= Opizzo Fieschi =

Opizzo Fieschi (d. c. 1291), also known as Opizo or Opiso dei' Fieschi, was a 13th-century Italian cleric from the powerful Genovese Fieschi family. Following his uncle Sinibaldo's election as Pope Innocent IV, Opizzo was appointed the Catholic Church's patriarch of Antioch (probably in 1247 and possibly serving as long as the fall of Antioch in 1268). (Note: Hamilton, cited in Jackson.)

==Life==
Opizzo was born to the Fieschi, the Genovese dynasty of the counts of Lavagna, sometime in the first part of the 13th century. His parentage is uncertain, although certain church records suggest his father was Tedisio Fieschi.

His paternal uncle Sinibaldo was elected Pope Innocent IV in 1243. In October 1245, Opizzo was dispatched to end the conflict between Eastern Pomerania and the Teutonic Order.
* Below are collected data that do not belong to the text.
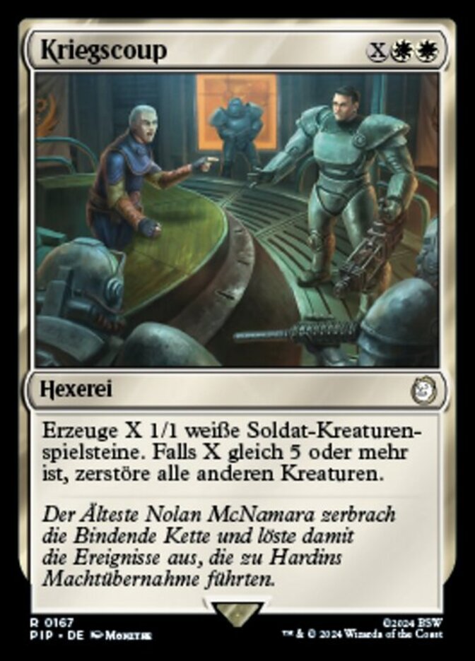 | Rules | Create X 1/1 white Soldier creature tokens. If X is 5 or more, destroy all other creatures. |
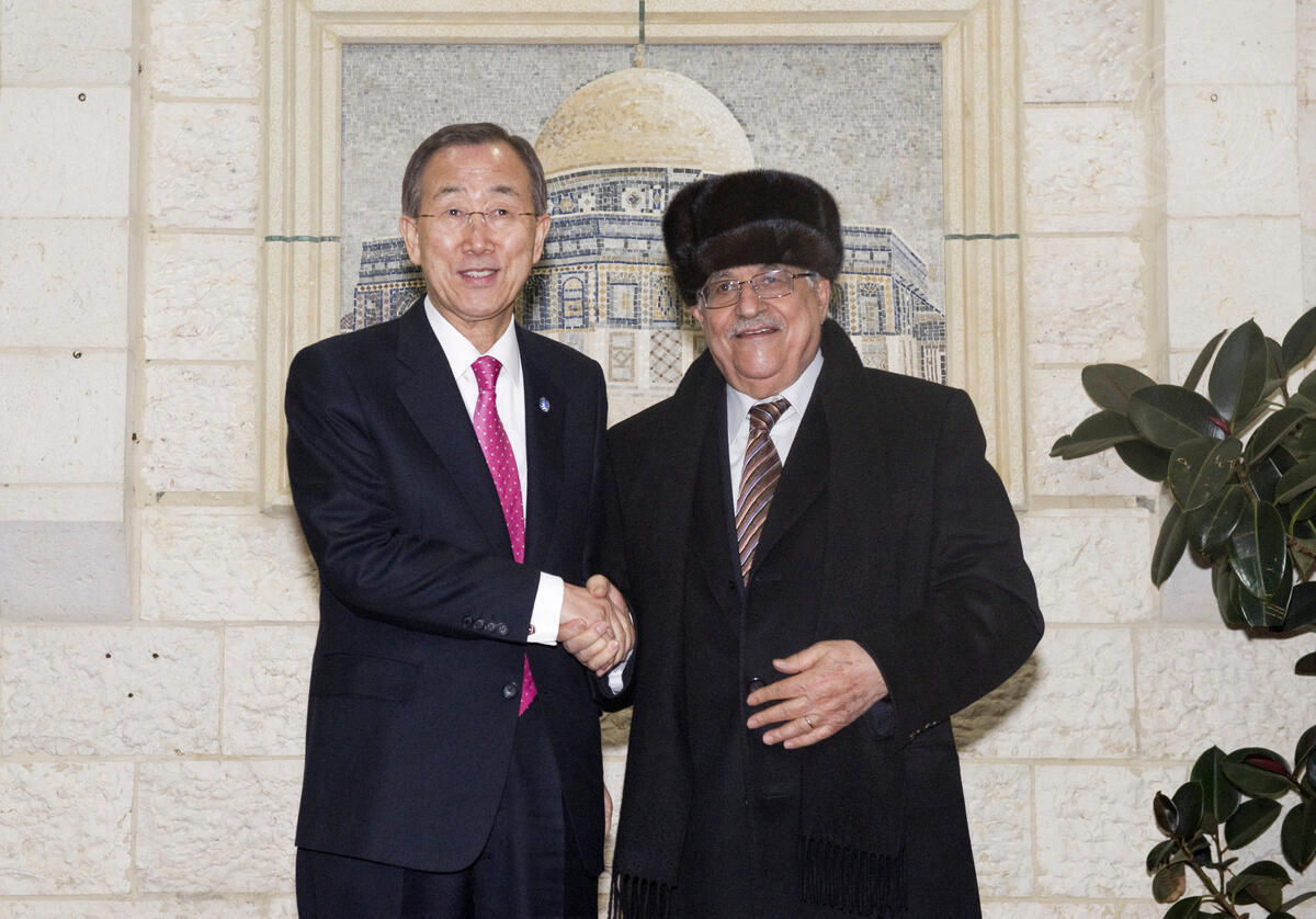 Secretary-General Ban Ki-moon (left) meets with Mahmoud Abbas, President of the Palestinian Authority, in the West Bank city of Ramallah.
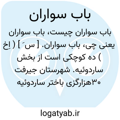 باب سواران. [ س َ ] ( اِخ ) ده کوچکی است از بخش ساردوئیه. شهرستان جیرفت 30هزارگزی باختر ساردوئیه سر راه فرعی ساردوئیه به راین. سکنه آن 24 تن. ( فرهنگ جغرافیائی ایران ج 8 ).
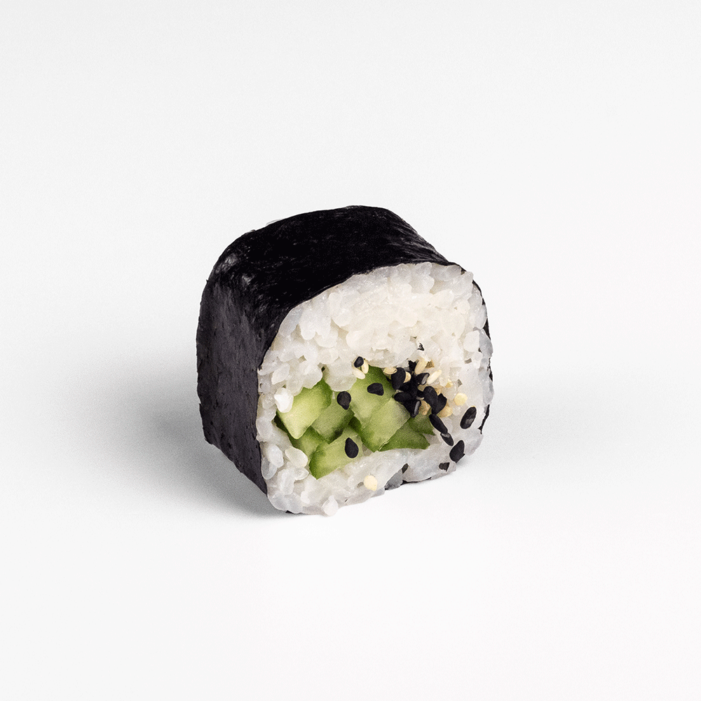 Огурец, семена кунжута, нори.
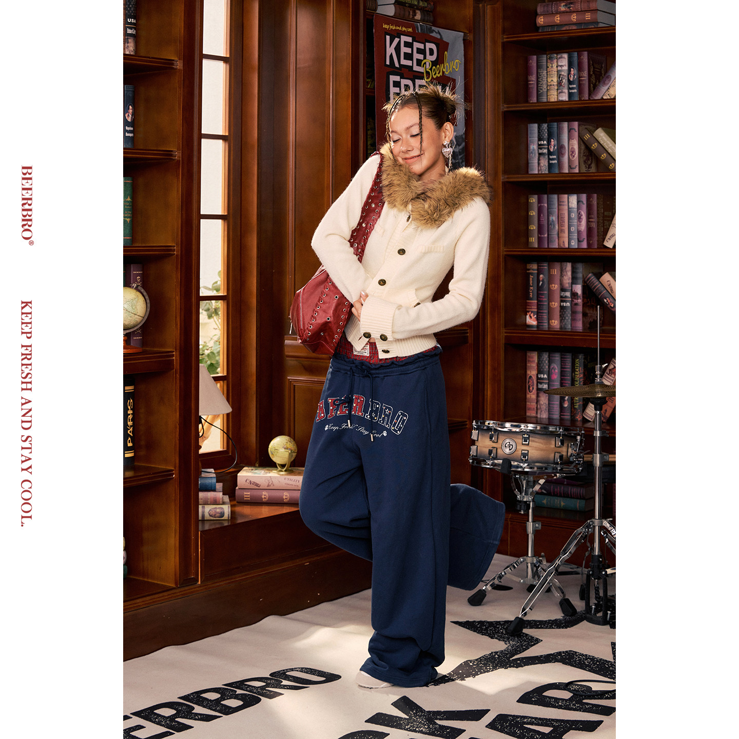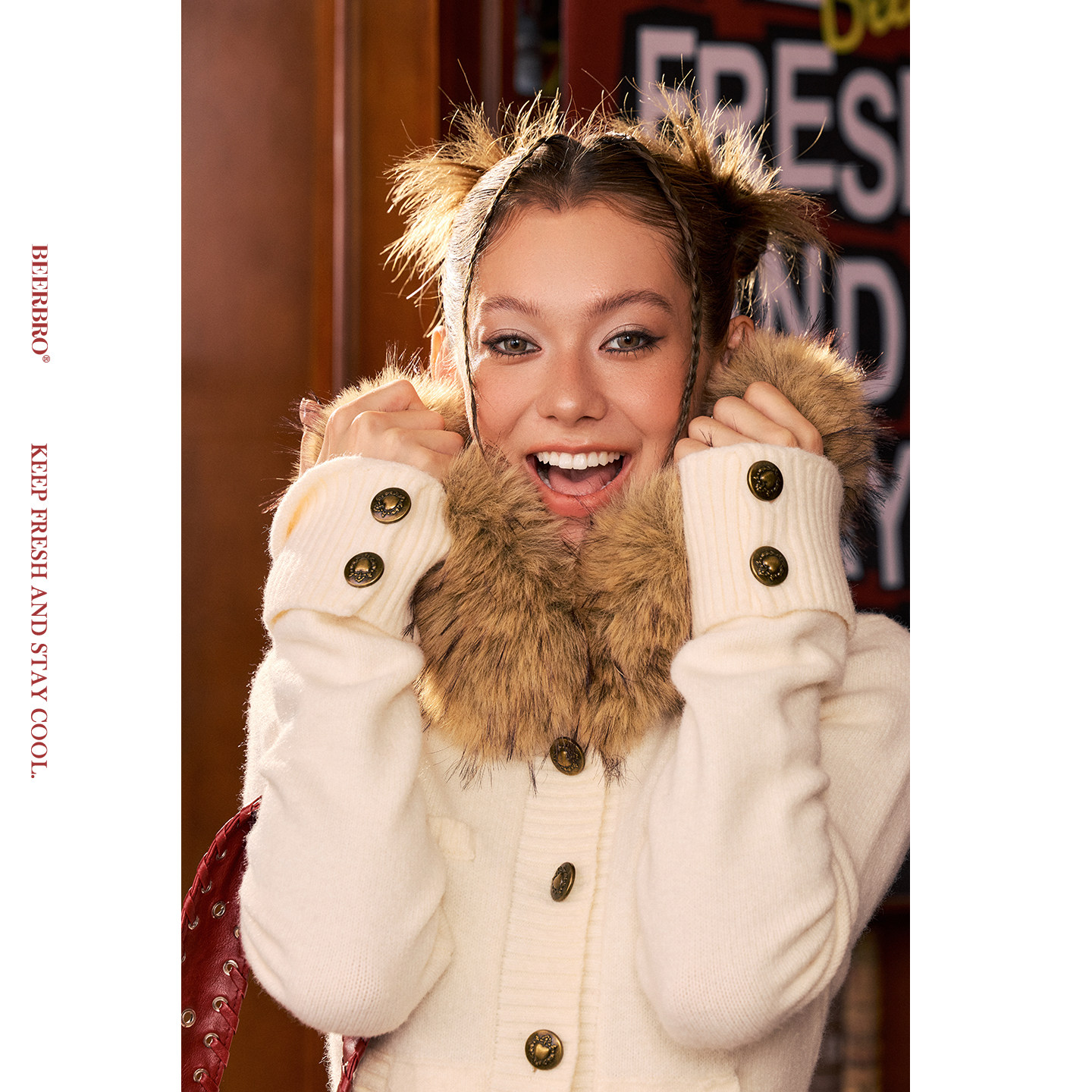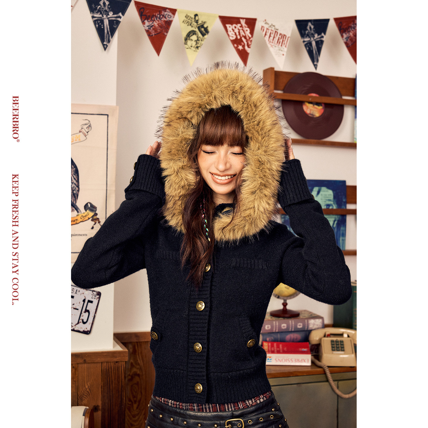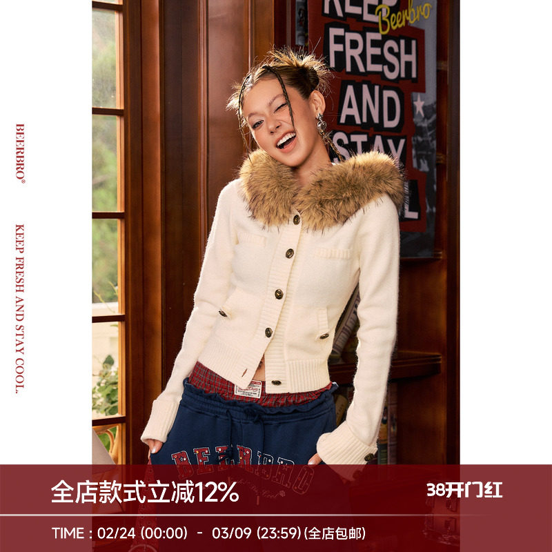 📚 BeerBro『摇滚书吧』亲肤感纱线秋冬紧身可拆卸毛领短款毛衣外套
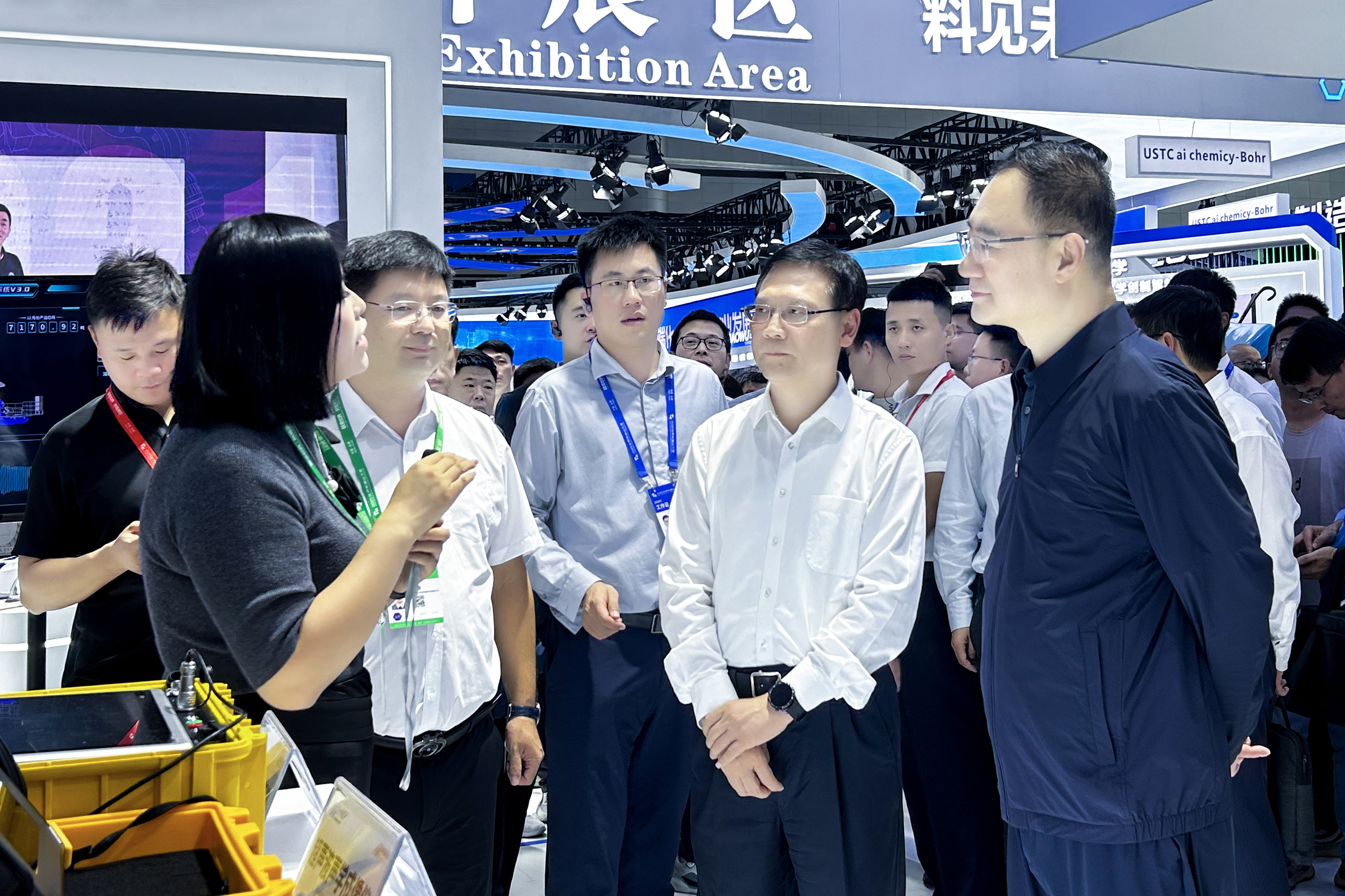 2025年9月21日,安徽省省长王清宪、省工信厅厅长冯克金等领导莅临中科昊音展位视察指导。公司董事长兼总经理刘敏,联合创始人徐泉向领导团队详细汇报了我司依托自主研发的CMFMC
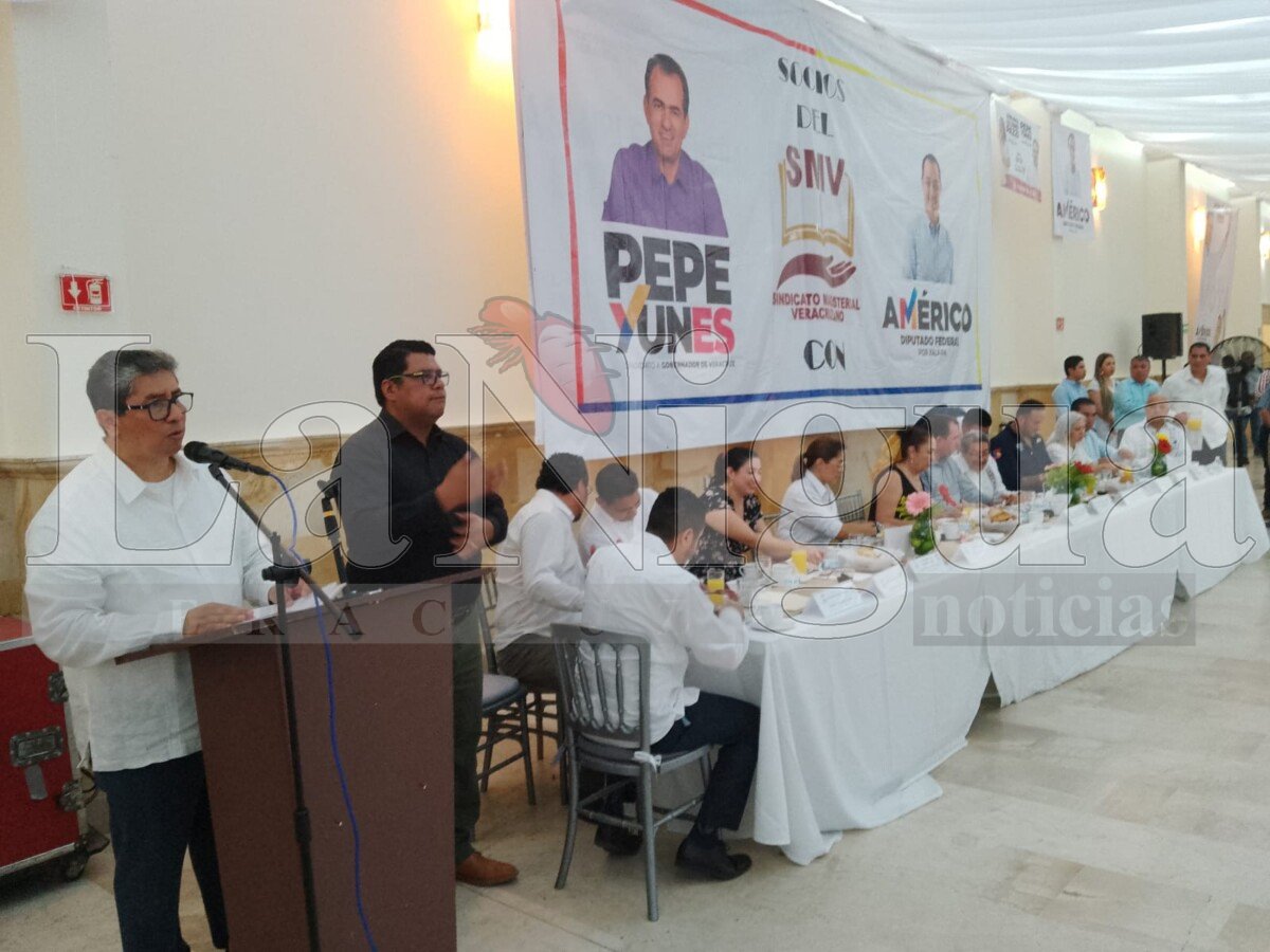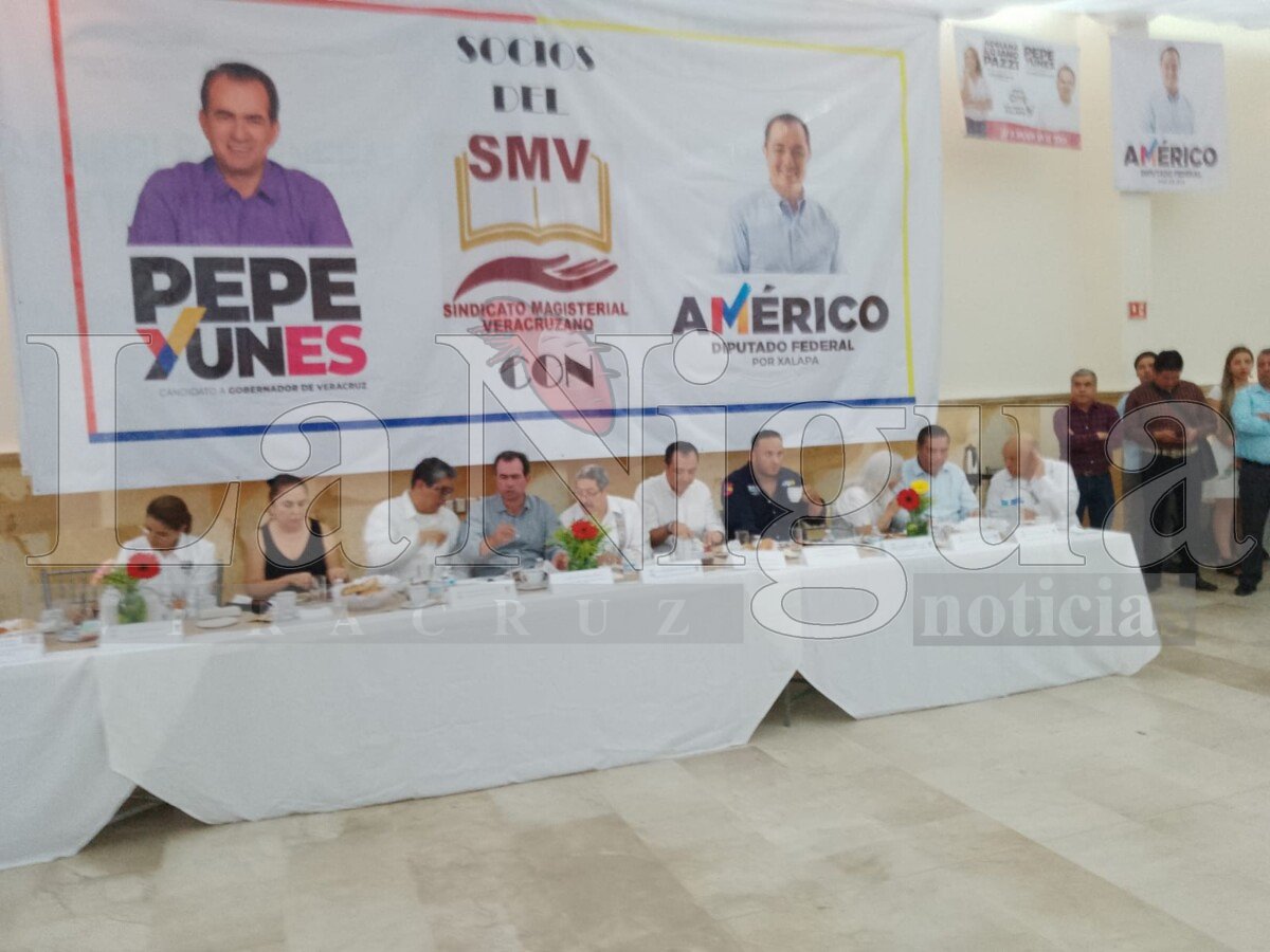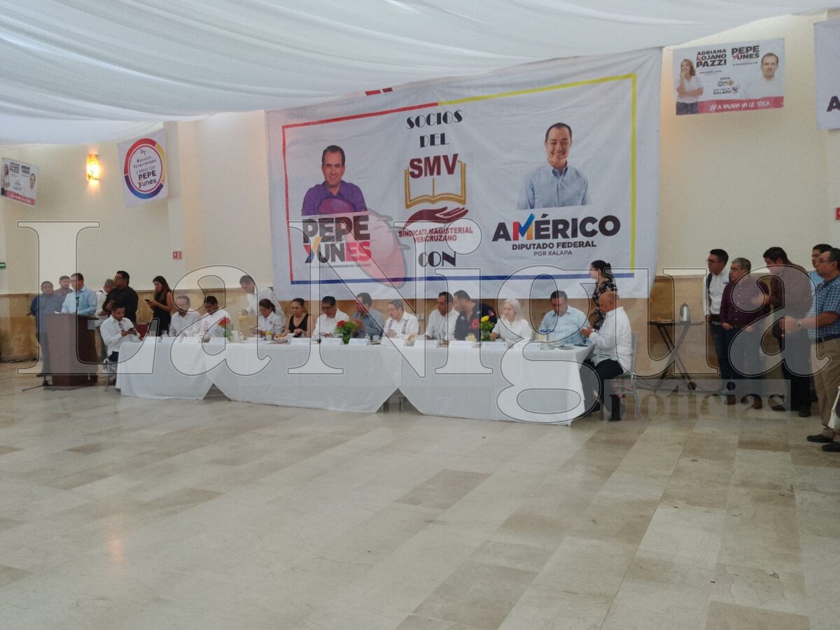 En su intervención, el secretario general del SMV, Ramón Domínguez Polo, expresó su apoyo a los candidatos de la alianza y afirmó: “El magisterio está con ustedes. Sabemos que van a ganar. José Francisco Yunes Zorrilla, usted será el futuro gobernador de Veracruz. Le pedimos que no olvide al magisterio veracruzano”.

The Latin patriarch of Antioch, Albert of Rezzato, died during the Council of Lyon and sometime before 22 July 1246 Pope Innocent named his nephew to succeed him. In October 1247, Opizzo was named apostolic delegate to the Seventh Crusade but he did not leave Genoa for the east until mid-1248. By then, he had secured papal approval of his authority over all bishops suffragan to the Greek patriarch of his city; upon arriving in Antioch, he excommunicated Euthymius, who was forced to flee. In late 1248, amid the Seventh Crusade, Opizzo requested help from the French king Louis IX, following raids by the Turcomans; Louis granted the bishop and his lord Bohemond 600 crossbowmen but no knights, out of "fear that the army might break up and that it would prove impossible to reassemble it at the scheduled time." (Note: A letter by the cardinal and legate Odo of Châteauroux, published in Achéry and published in translation in Jackson.) A papal letter dated 7 November 1252 directed him to recognize that Prince Bohemond had reached the age of majority and no longer required the regency of his mother, Luciana Segni. Letters dated 30 March 1254 granted him the church of Nicosia and—on account of the expenses occasioned by his visits to the Roman Curia where he was a professor of law—a portion of the income of the late bishop of Norwich and half the subsidies being directed to the aid of Antioch. He was at Acre in October 1254.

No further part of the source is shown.